== Data to process
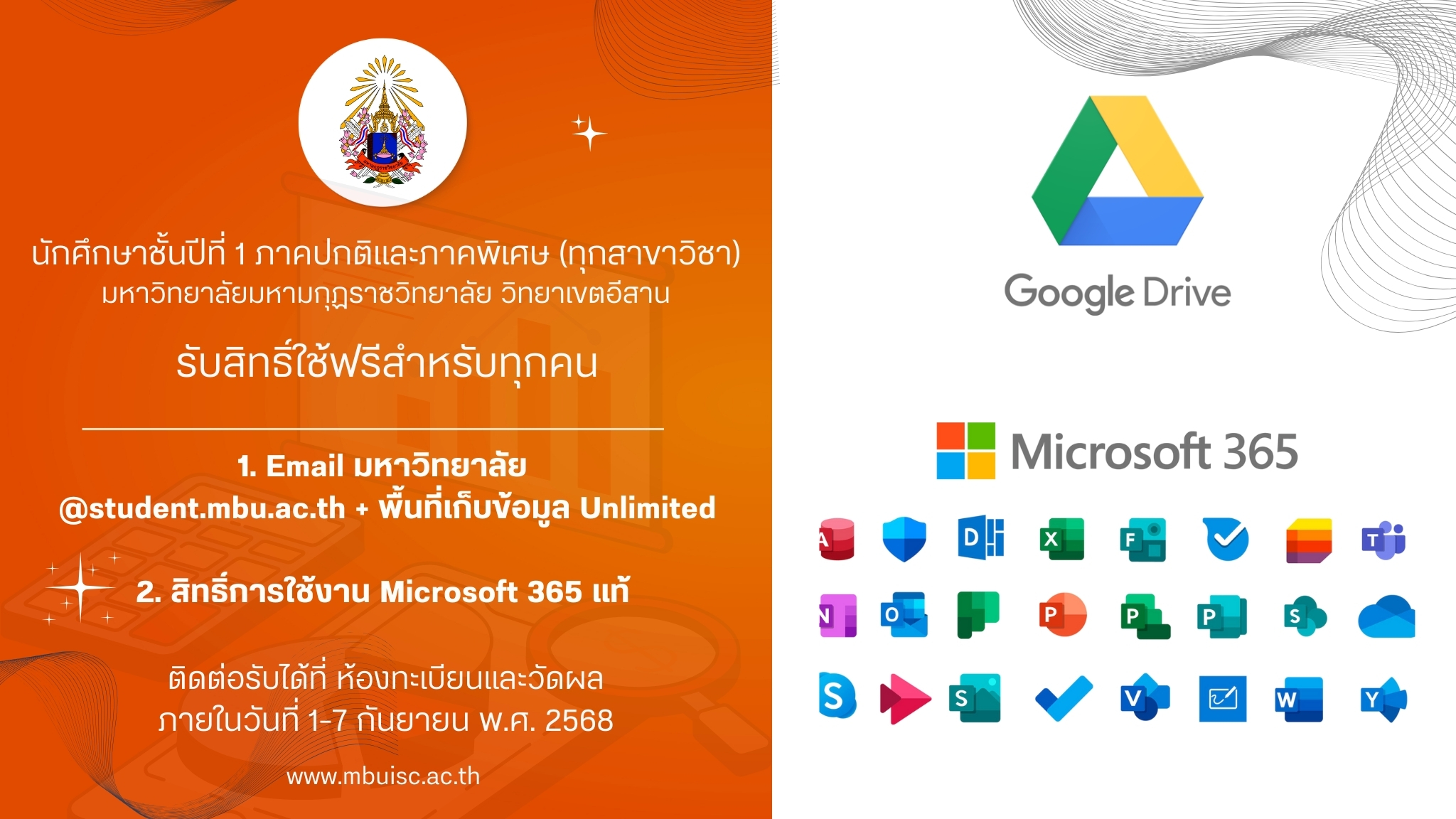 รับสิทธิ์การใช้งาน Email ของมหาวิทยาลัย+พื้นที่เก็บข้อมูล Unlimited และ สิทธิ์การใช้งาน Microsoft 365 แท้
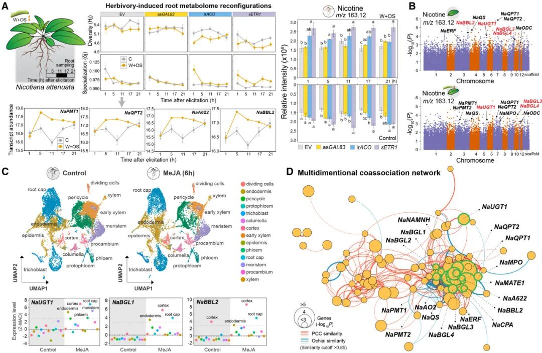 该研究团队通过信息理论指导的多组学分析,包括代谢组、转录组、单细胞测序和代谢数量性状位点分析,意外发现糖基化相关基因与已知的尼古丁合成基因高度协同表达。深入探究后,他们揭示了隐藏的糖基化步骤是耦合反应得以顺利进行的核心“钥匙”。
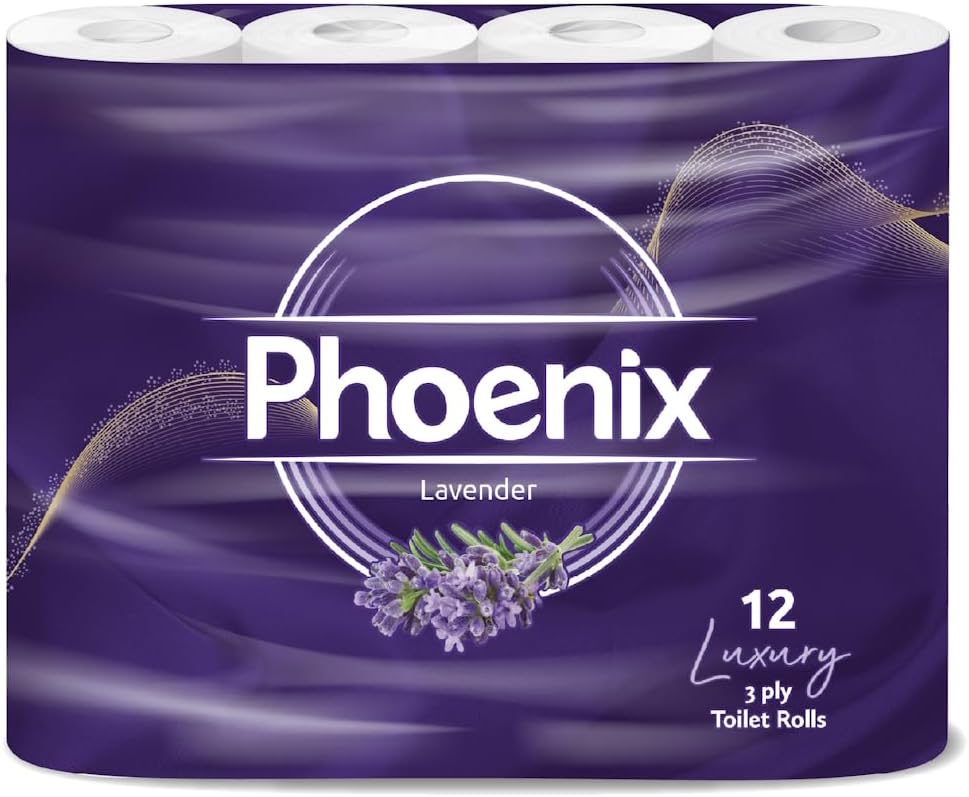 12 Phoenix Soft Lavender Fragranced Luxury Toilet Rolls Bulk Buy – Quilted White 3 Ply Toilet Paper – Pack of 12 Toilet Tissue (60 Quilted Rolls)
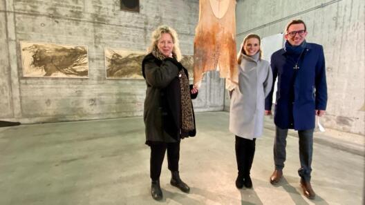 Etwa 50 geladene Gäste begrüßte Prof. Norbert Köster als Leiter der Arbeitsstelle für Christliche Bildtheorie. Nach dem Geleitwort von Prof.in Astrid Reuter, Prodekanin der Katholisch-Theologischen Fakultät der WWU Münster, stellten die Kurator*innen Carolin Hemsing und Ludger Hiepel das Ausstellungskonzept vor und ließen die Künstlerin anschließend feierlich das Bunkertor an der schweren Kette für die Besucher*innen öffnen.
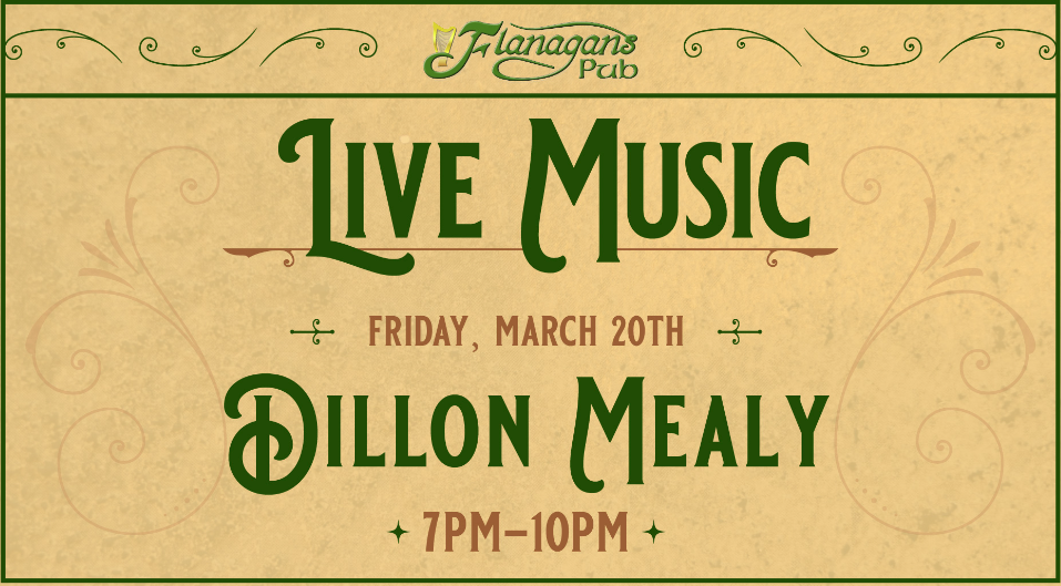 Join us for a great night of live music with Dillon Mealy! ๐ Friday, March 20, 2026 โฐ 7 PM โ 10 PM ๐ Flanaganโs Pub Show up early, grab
====
The reply must consist of the records, repeated exactly, minus any images.

 รับสิทธิ์การใช้งาน Email ของมหาวิทยาลัย+พื้นที่เก็บข้อมูล Unlimited และ สิทธิ์การใช้งาน Microsoft 365 แท้
 该研究团队通过信息理论指导的多组学分析,包括代谢组、转录组、单细胞测序和代谢数量性状位点分析,意外发现糖基化相关基因与已知的尼古丁合成基因高度协同表达。深入探究后,他们揭示了隐藏的糖基化步骤是耦合反应得以顺利进行的核心“钥匙”。
 12 Phoenix Soft Lavender Fragranced Luxury Toilet Rolls Bulk Buy – Quilted White 3 Ply Toilet Paper – Pack of 12 Toilet Tissue (60 Quilted Rolls)
 Etwa 50 geladene Gäste begrüßte Prof. Norbert Köster als Leiter der Arbeitsstelle für Christliche Bildtheorie. Nach dem Geleitwort von Prof.in Astrid Reuter, Prodekanin der Katholisch-Theologischen Fakultät der WWU Münster, stellten die Kurator*innen Carolin Hemsing und Ludger Hiepel das Ausstellungskonzept vor und ließen die Künstlerin anschließend feierlich das Bunkertor an der schweren Kette für die Besucher*innen öffnen.
 Join us for a great night of live music with Dillon Mealy! ๐ Friday, March 20, 2026 โฐ 7 PM โ 10 PM ๐ Flanaganโs Pub Show up early, grab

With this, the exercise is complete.